Aparecido Raimundo de Souza
QUANDO
OLHEI PARA A MOÇA que acabara de subir e cruzar a catraca dentro do coletivo,
e que depois de pagar a passagem, viera se sentar de frente para mim, naquele
banco cara a cara, olho no olho, não pude deixar de espiar para seu corpo
escultural, suas pernas longas e bem-feitas, metidas num vestidinho azul
extremamente curto que deixava entrever, além da sua estrutura corpórea esguia,
tudo...
Tudo no sentido amplo, exceto o que
havia debaixo dele, entre o espaço das coxas e a barriguinha. Com essa visão
interrompida do paraíso, imaginei, em pensamentos marotos, aquele pedaço de
caminho estonteante totalmente despido do naco de pano que resguardava o mais
delicioso de todo o conjunto. A sua nudez fazendo provocações cênicas para a
plateia embasbacada das minhas conjecturas diabólicas.
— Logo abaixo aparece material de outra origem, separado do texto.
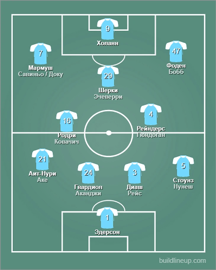 На флангах атаки конкуренция не менее жесткая. Доку, Савиньо, Бобб, Макети, Эчеверри, а также Фоден, Мармуш и Бернарду — все они могут закрыть эту зону. Однако для последних троих это уже не профильная позиция, что снижает их эффективность.

Desde que se sentara, notei que a bela
colocara a mão esquerda no rosto, tampando o, parcialmente. Esse gesto me
chamou ainda mais a atenção e, então, agastado pelo inseto da curiosidade, vi o
que deveria permanecer oculto. Reconditoado e escondido. Um ponto nevrálgico
que ela não queria mostrar por constrangimento embaraçoso. Esse lado da face,
ou mais precisamente a boca, era suavemente oblíqua, o que decompunha seu
encanto e aconchegava um tremor mórbido em seus lábios.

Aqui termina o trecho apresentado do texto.